When it comes to mass incarceration, Oklahoma is No. 1 (in the world!) But what are the numbers behind this, by now, well known fact? And what effect does it have on Oklahoma’s state budget? Take a look:
- The Department of Corrections daily count for September 4, 2018, was 27,210 incarcerated inmates with 993 awaiting transfer in county jails for a total of 28,203;
- Oklahoma has the world’s highest incarceration rate at 1,079 per 100,000 population;
- The national average rate of incarceration is 698 per 100,000;
- By reaching the national average, like our neighboring state of Kansas, Oklahoma could cut its rate of incarnation by 35%;
- By incarcerating at the national average Oklahoma could cut its prison population by 9,848;
- Annual cost per inmate in Oklahoma in 2015 was $16,497;
- By incarcerating at the national average Oklahoma taxpayers could save $162,462,456 annually.

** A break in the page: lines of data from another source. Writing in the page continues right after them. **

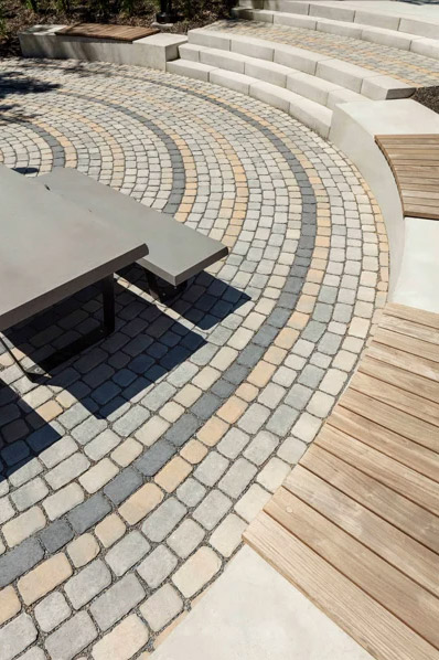 Inspired by Montreal’s beautiful century-old streets, refine your backyard with the Villagio paver. Offering versatile backyard designs, Villagio can easily be the main-field of focus in your beautiful outdoor living space. Moreover, the paver’s beveled texture and multiple dimensions allows you to easily install curved, decorative bandings in your backyard with all 57 mm & 60 mm of Stonedge and Techo-Bloc slab collections. Enjoy your landscape while admiring the beautiful Villagio paver. Great for patios, walkways, driveways and decorative bandings. Vehicular & pedestrian friendly. This pavement is also de-icing salt resistant, withstands harsh climates and comes with a transferable lifetime warranty. Villagio is part of the dry cast collection.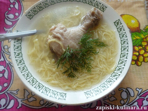 9. Теперь можно бросить лапшу в заранее приготовленный куриный бульон . Поварить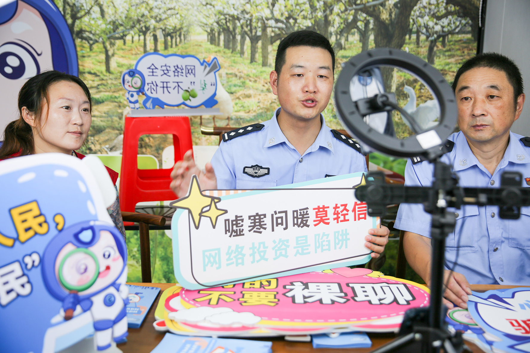 9月16日,江蘇省如皋市公安局東陳鎮(zhèn)派出所民警走進(jìn)徐灣社區(qū)直播間,向群眾普及網(wǎng)絡(luò)安全和防范電信詐騙知識。
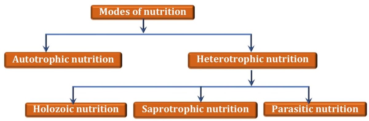 Mode of nutrition in which the organisms derive their nutrition by taking readymade food, from other dead or living plants and animals e.g., Animals, fungi and most of bacteria. The survival of heterotrophs depends directly or indirectly on autotrophs. Heterotrophic mode of nutrition is classified into three types on the basis of methods of obtaining food.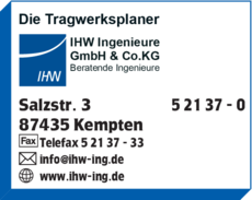 Die Adresse von Ingenieure IHW Ingenieure GmbH & Co. KG lautet: Salzstr. 3, 87435 Kempten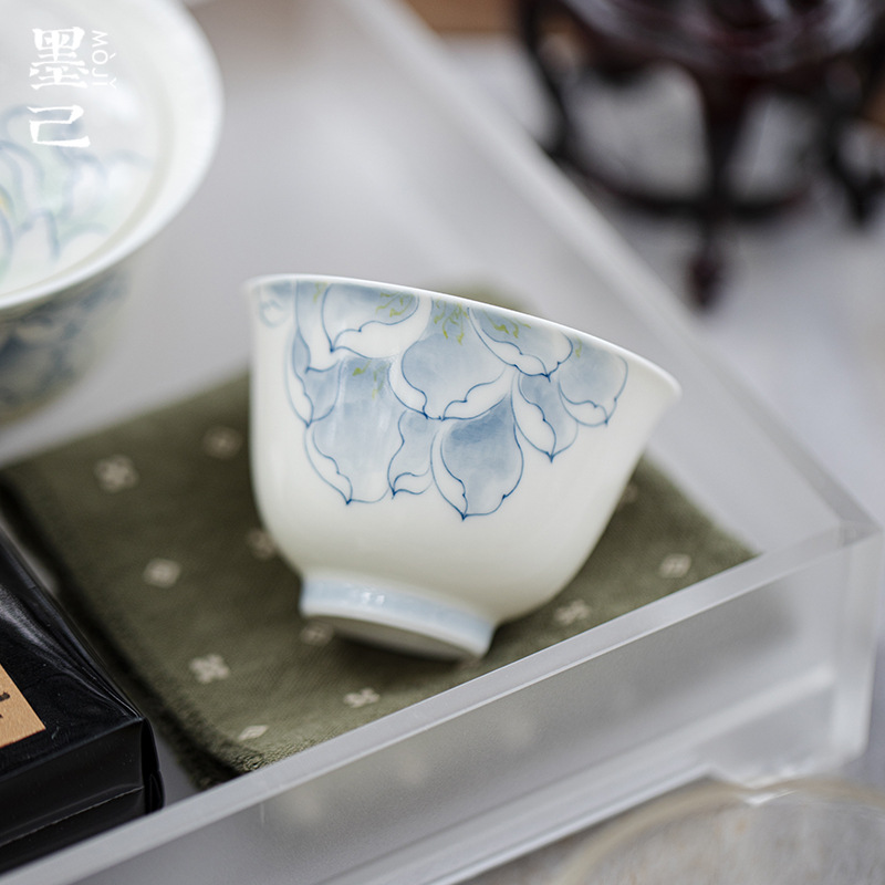 墨己手描き青花蓮品茗杯工夫茶器家庭用陶磁器小容量単杯玉泥茶コップ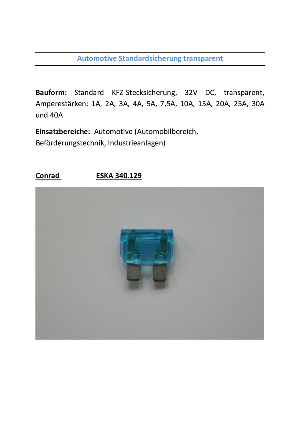 Bezpiecznik nożowy ESKA 340126 340.126, 12 V - 32 V, 7.5 A, 1 szt.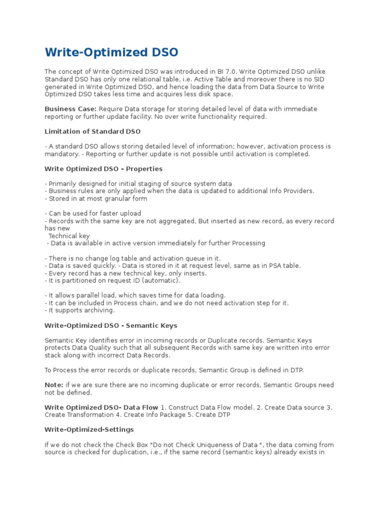 SAP BW - WDSO - Write Optimized DSO | PDF | Information Technology ...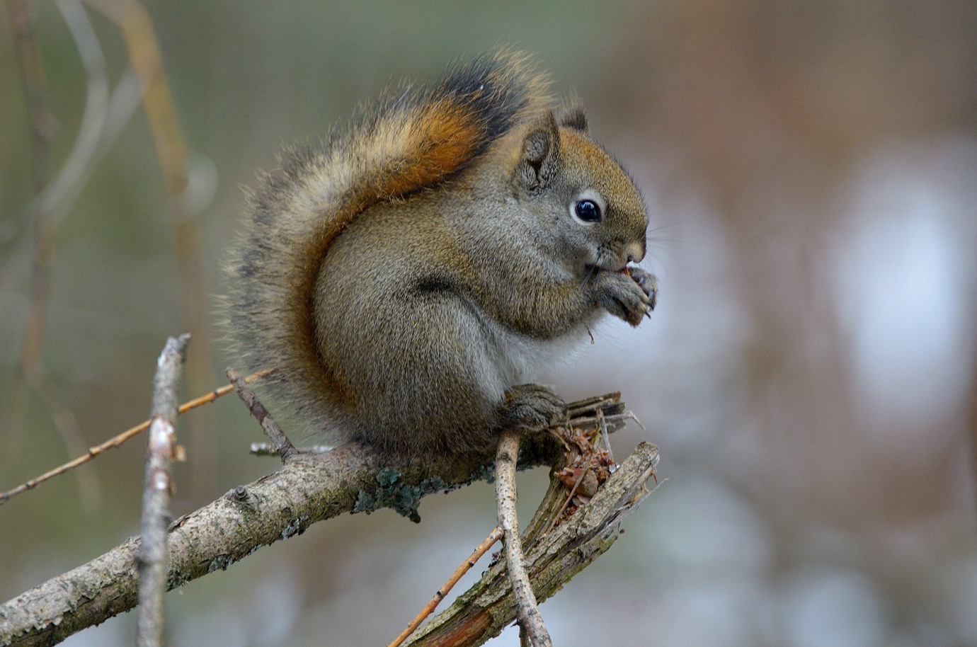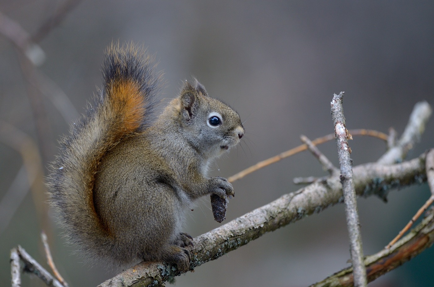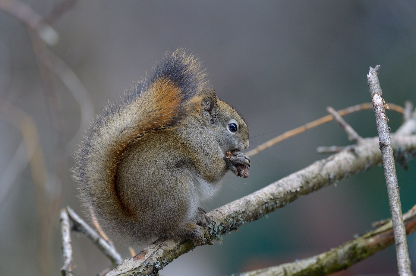 I have become quite fond of the squirrel, my closest neighbor. Squirrels in Alaska are nothing like the ones stealing peanuts in the parks, they can be quite skittish, although at times pretty noisy compared to their European counterparts. There is a lot of competition among squirrels, and this one, while really tiny, seems very healthy and is doing very well. It also seems that it has warmed up to my presence, which has been very convenient with the arrival of the 300/4 PF. Since I already posted a number of squirrel images in the PF thread, the new ones go here. All captures with VR on. The last one was captured with TC-14E mounted and was actually the first in the shot sequence, but because of the overcast murky weather and no need for it, I soon unmounted it. I actually like these images better than the ones I made in sunny weather. While squirrels are almost ideal subjects for VR use because of their stop-motion movement pattern, it can be tricky to avoid motion blur when they are eating like here.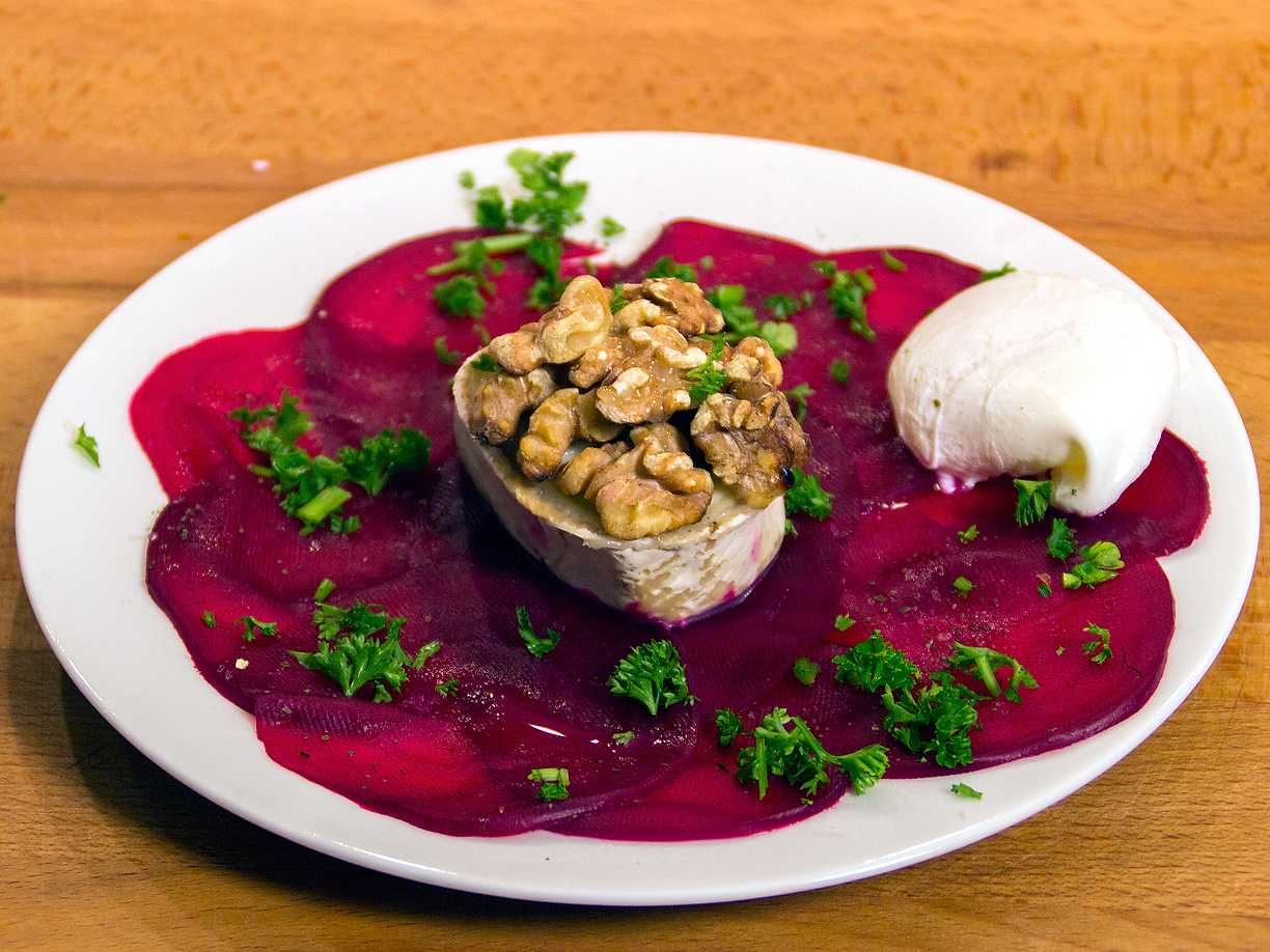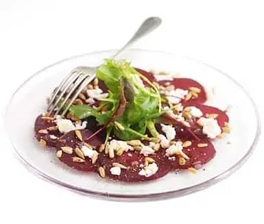 Carpaccio på tre sorters beta med sallad maché och honung champagne

These facts speak for themselves. But despite the efforts of Governor Fallin, many legislators, and participation by numerous stakeholders, the best the state has been able to do is slow the rate of increase in incarceration. This just proves what we already know: Change is hard. Reasonable people can disagree.
What has been accomplished to slow the flow of people to prison is good, but there can be no doubt it is not enough. It’s not asking too much that we at least strive to be average. We should look at our court system with an open mind and determine what it is that causes us to lock up more people than any other state or country. What is it about our system of justice that produces so many inmates? There are answers and other states have found them. They spend that $163 million on education, mental health, and health instead of prisons.
This is not a liberal agenda or a conservative agenda. So-called liberals tend to focus on things like racial disparity in incarceration, effects of incarceration on children and families, and lack of sentencing proportionality and fairness. So-called conservatives focus on cost to taxpayers, adverse effects on jobs and the economy, and public safety. But most people aren’t totally conservative or liberal. They would like to see solutions that address all these problems. In fact, Oklahomans have taken matters into their own hands at least twice lately and voted for state questions the effect of which is to reduce criminal sanctions and incarceration. With plenty of room for improvement, criminal justice reform will continue next session.